For interpretation it is useful to plot the scores labelled by factors of interest or against other relevant variables.

6.3 MDS of the moths data set

The base R function implementing MDS is cmdscale. We use the normalised Manhattan distance matrix of the logged species counts created previously and compute $k = 2$ MDS dimensions or axes.

# From previous chapter:
moths <- read.table("moths.txt", h = T, stringsAsFactors = TRUE)
mothslog <- moths # Create a separate data set
mothslog[, 5:16] <- log10(mothslog[, 5:16] + 1) # Log-transform the counts
mothslog$Type <- as.factor(mothslog$Type) # To be used later
# Normalised Manhattan distance matrix using vegan package
library(vegan)
manhdist <- vegdist(mothslog[, 5:16], method = "gower")

# Use Manhattan distance matrix as input for MDS 
mds <- cmdscale(manhdist, k = 2, eig = T)

The results are held as follows:

$points: coordinates for the MDS axes.
$eig: contributions of each dimension to the total distance information provided by eigenvalues (similar to % variance due to each principal component in PCA).
$GOF: goodness of fit, % distance accounted for by all k dimensions considered.

We can visualise the individual dimension contributions to represent the distances (eigenvalues, eig, are computed for all possible MDS axes, 14 in this case).

plot(mds$eig, type = "h", ylab = "Eigenvalue")

What is the goodness of fit (GOF) if we reduce to k dimensions? The value of the sum of the first $k$ eigenvalues with respect to the total sum of eigenvalues could be used as for PCA, but this involves technical problems if no Euclidean distance is used and negative eigenvalues are produced. Two alternative measures are provided by the cmdscale function:

\[GOF=\frac{\sum_{i=1}^k|\lambda_i|}{\sum_{i=1}^n|\lambda_i|} \;\;\mbox{and}\;\; GOF=\frac{\sum_{i=1}^k\max(0,\lambda_i)}{\sum_{i=1}^n\max(0,\lambda_i)}\] Note that these two measures are equal when Euclidean distance is used.

mds$GOF

[1] 0.6457675 0.7020417

The first of these measures suggests that 65% of the distance information is accounted for by the first 2 MDS axes. In fact, the plot above suggests that perhaps using up to four.

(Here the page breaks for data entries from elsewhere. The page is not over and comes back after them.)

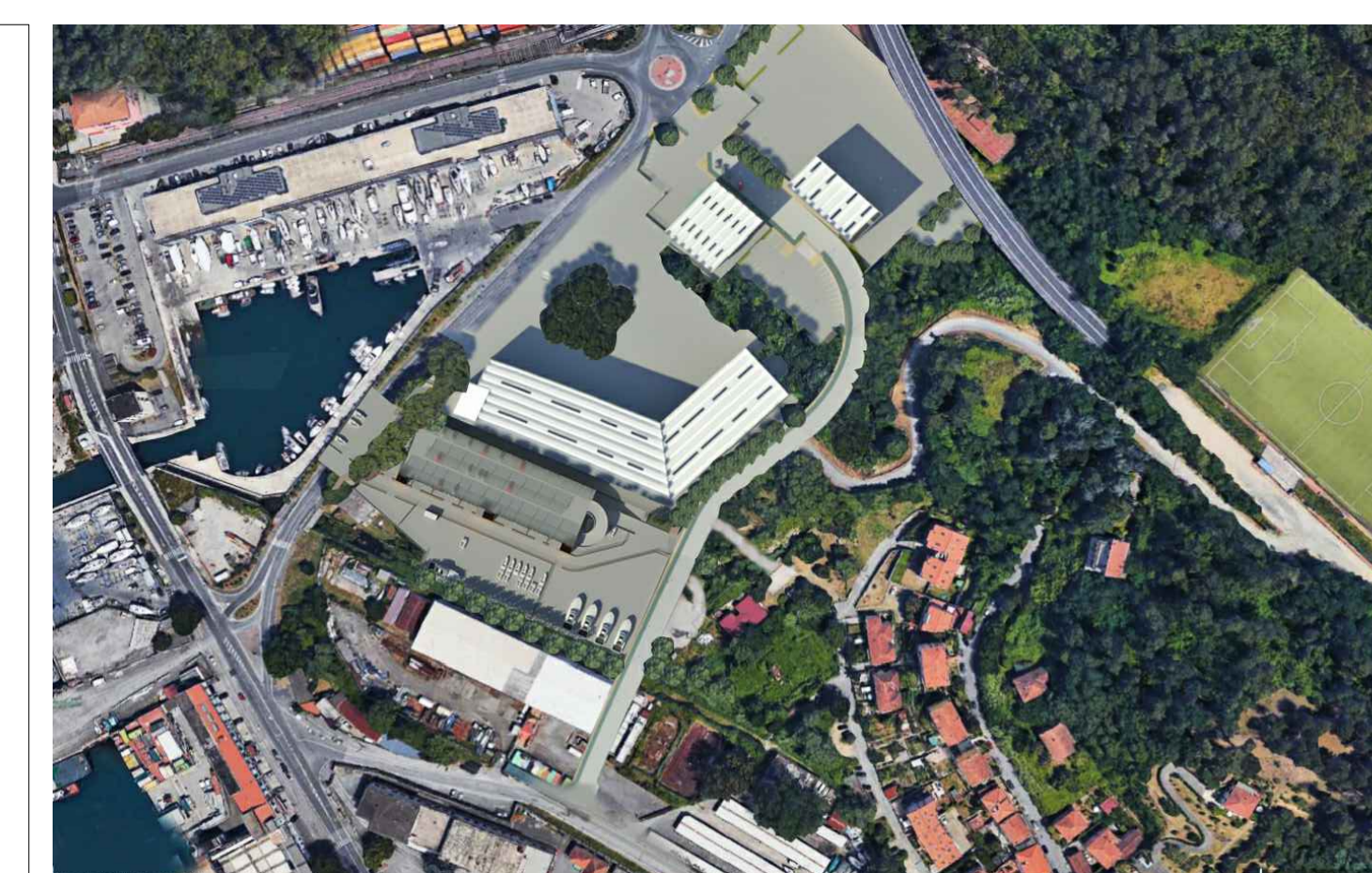
Fotoinserimento planovolumetrico di progetto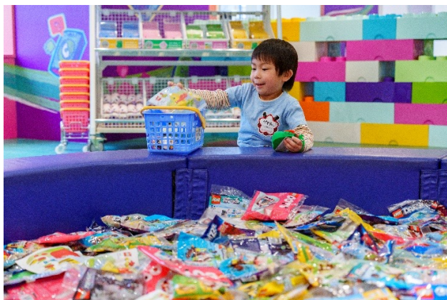
▲はじめてのおかいもの イメージ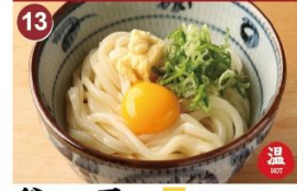
13 釜玉 並 500 大 650 Brothless type dish. Boiled udon topped with raw egg yolk, green onion. 生鸡蛋拌面 / 달걀우동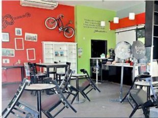
Varias sucursales en distintos puntos de la Ciudad, como en Avenida Servidor Público, están cerradas.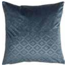
Cushion Romo 45 x 45 cm / € 24,99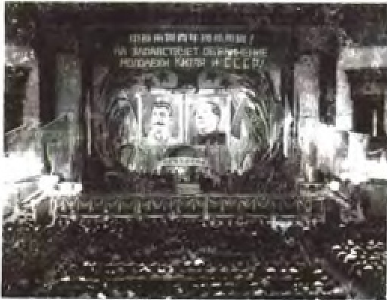
1950年5月12-15日，苏联青年代表团抵穗参观访问，图为欢迎大会会场。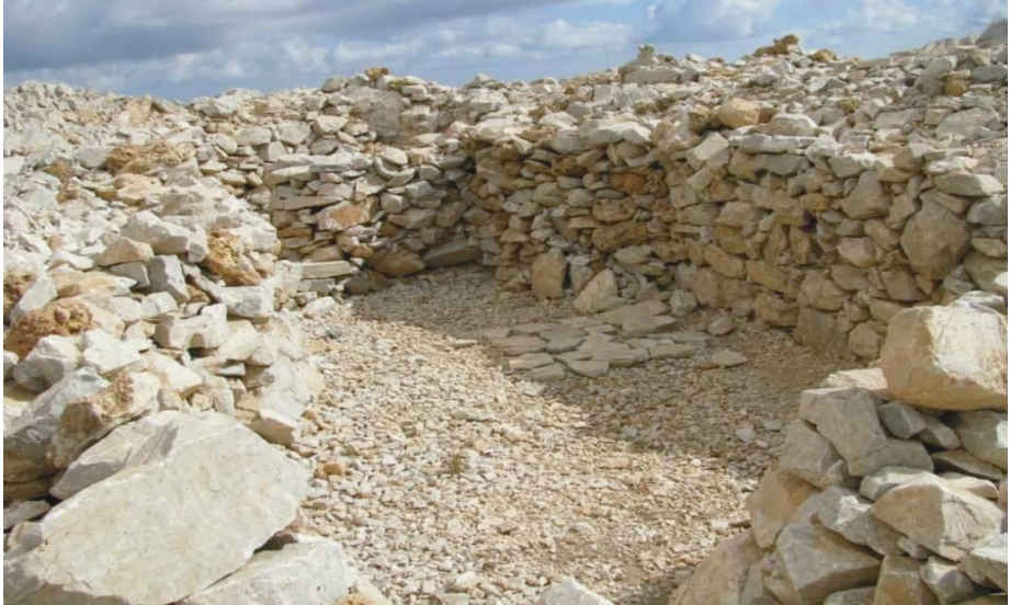
Ek 4. Sirma Tepe'de (Ko Şarık) Camii Kalıntısı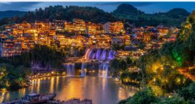
หมู่บ้านโบราณฝูหรงเจิน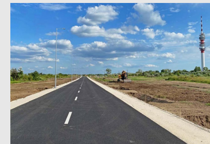
■ Kiskunfélegyháza , Ipari Park II. kialakítása, komplett infrastruktúra-fejlesztés (2018)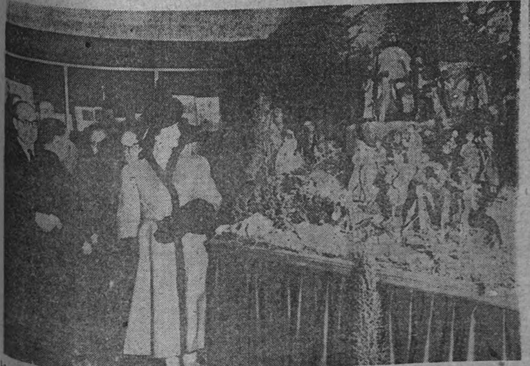
La esposa del Caudillo, doña Carmen Polo de Franco, acompañada del Ministro de Educación, señor Ibáñez Martín, y otras personalidades, asiste a la inauguración de la Exposición Bibliográfica de Navidad, celebrada en la Biblioteca Nacional

Presidieron el acto la esposa del Caudillo, el Ministro de Educación y otras personalidades

The following scatterplot shows the scores using the first two MDS axes. The points are labelled by site type.

colours <- c("black", "red", "green", "blue")[mothslog$Type]
plot(mds$points[, 1:2], col = colours, xlab = "MDS1", ylab = "MDS2")
legend("topright", legend = levels(mothslog$Type), col = 1:3, pch = 1)

The plot above suggests that the 3 Farmland sites (in black, F) have similar moths profiles as they are close to each other, but there do not seem to be any other patterns.

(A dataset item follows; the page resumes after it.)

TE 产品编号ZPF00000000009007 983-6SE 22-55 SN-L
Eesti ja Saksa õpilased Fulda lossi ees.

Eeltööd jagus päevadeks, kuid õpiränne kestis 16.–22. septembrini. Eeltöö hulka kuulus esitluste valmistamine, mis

However, we do have other variables in the data set, the Northings and Eastings and these can be easily incorporated into the graph.

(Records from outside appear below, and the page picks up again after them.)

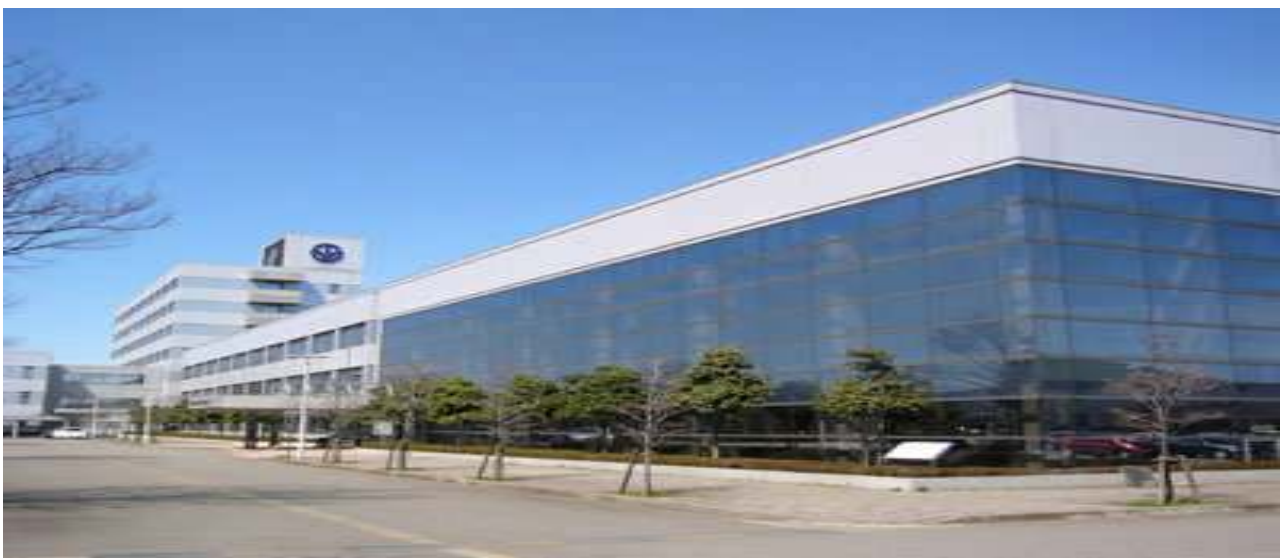
(福井県工業技術センター)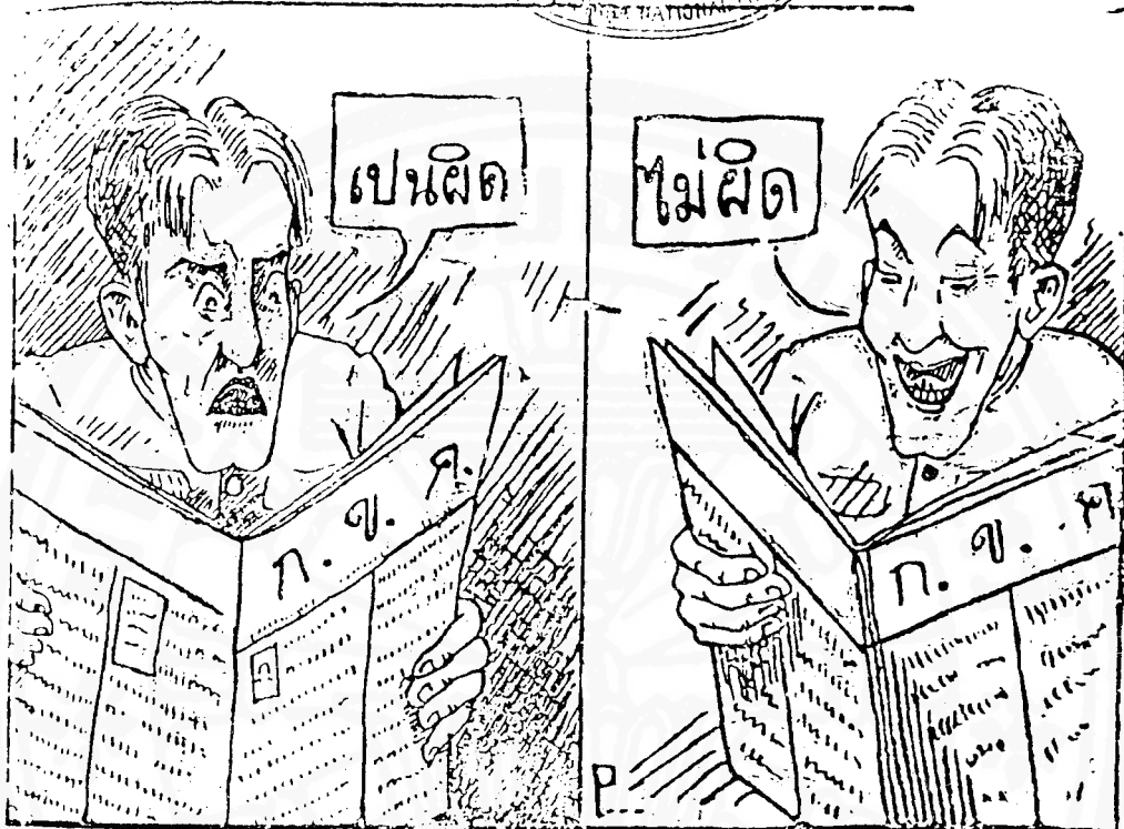
หนังสือพิมพ์คนไทย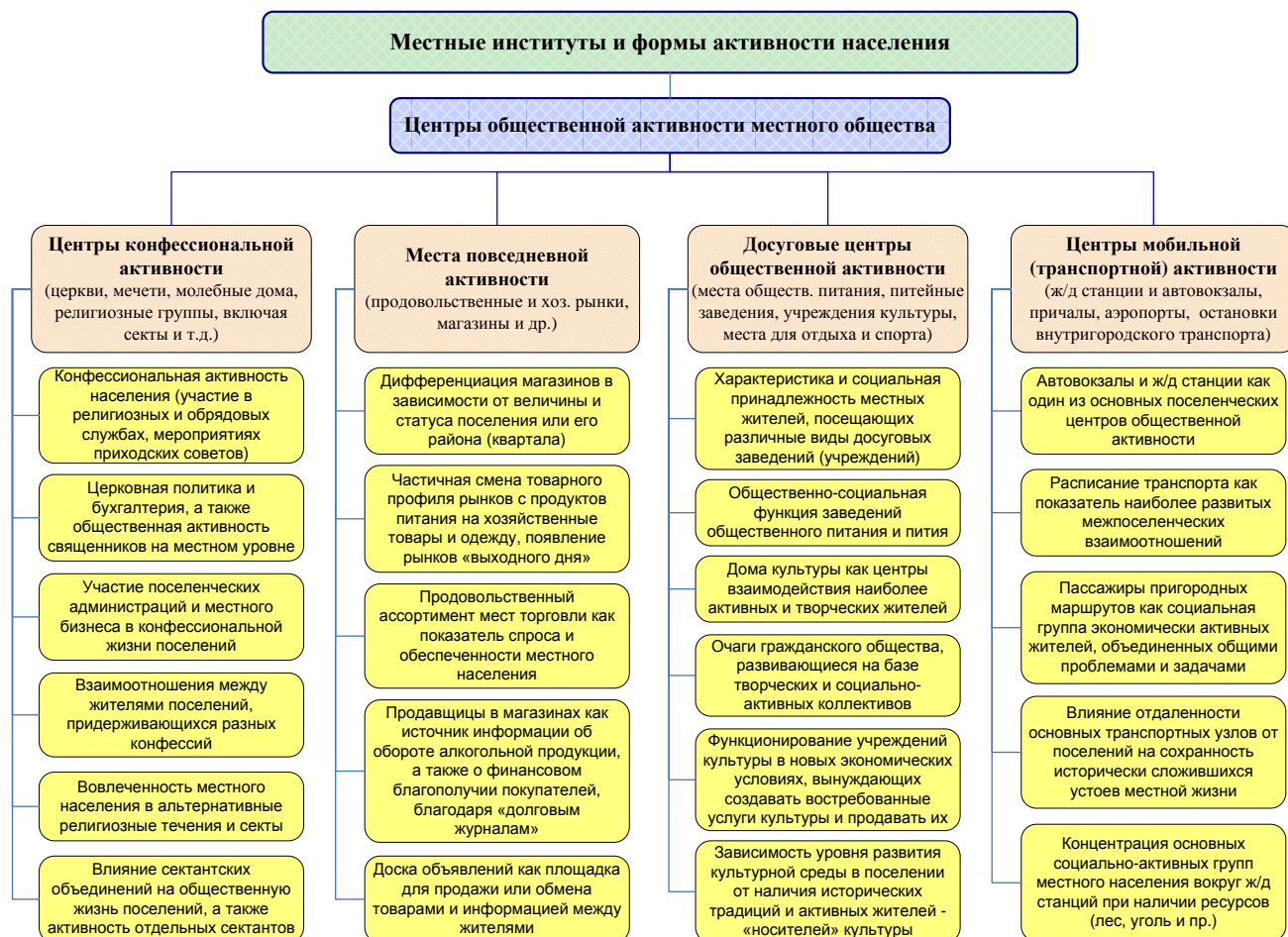
Рис. 1. Структура центров общественной активности местного общества.

Центры общественной активности представляют собой отдельный институт, а скорее даже несколько институтов местного сообщества. Следует выделить такие центры, как торговые площадки (рынки, магазины), досуговые центры поселений (места общественного питания, питейные заведения, клубы и дома культуры, места для отдыха и спорта), транспортные узлы поселений (железнодорожные станции и автовокзалы, остановки общественного транспорта), центры конфессиональной активности (церкви, мечети, молебные дома, религиозные группы и объединения) (см. Рис. 1).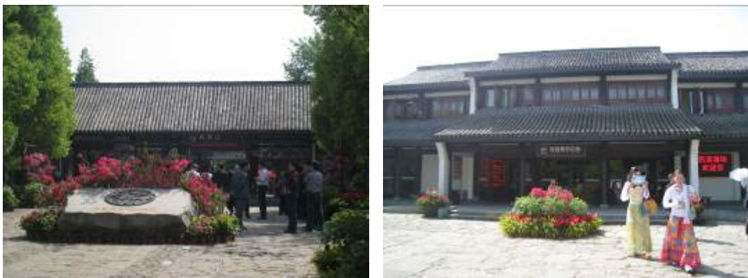
圖 30：西溪國家濕地公園入口及購票處

西溪國家濕地公園簡稱西溪濕地，為中國古運河起點及乾隆下江南之處，在歷史上經歷始啟漢晉、唐宋發展、明清全盛及民國衰落等四個演變階段，位於杭州市西部，距離杭州西湖約 5 公里，與西湖及西冷並稱為杭州三西，濕地總面積約 1150 公頃，已開放遊客參觀面積約 350 公頃，包括生態保護區 170 公頃，生態恢復區 150 公頃，歷史遺存保護 7.4 公頃，服務設施區 13.6 公頃，其中約有 70% 的水域面積，6 條河流縱橫交匯，其間分佈著分支的小河、魚鱗狀的池塘，形成了西溪獨特的濕地景致，具有河港、池塘、湖泊與沼澤等不同地型，擁有豐富的自然生態資源，是一塊城中次生濕地，集文化濕地、城市濕地與農耕濕地為一體的罕見濕地，有杭州之肺的美稱，本次參訪除了觀賞濕地公園沿線景點，更趕上一年一度西溪花草節活動。

# Plot scores with no symbol
plot(mds$points[, 1:2], type = "n", xlab = "MDS1", ylab = "MDS2")
# Use the Northings coordinates to label them instead
text(mds$points[, 1], mds$points[, 2], labels = mothslog$N)

This graph indicates that the first MDS dimension is mainly a North-South gradient.

6.4 Exercises

RAPD data. 26 nematode (tiny worm which lives in soil) samples representing 5 species were assessed on 122 RAPD bands (one of the early genetic marker technologies). Each band can take the value 1 or 0. Using the Jaccard coefficient derive a multidimensional scaling plot for the 25 samples. Do they separate into their known species? How many MDS dimensions are needed?
LIFEEXP data. Does a MDS analysis of these data provide a succinct summary of the similarities and differences among the countries with respect to life expectancy?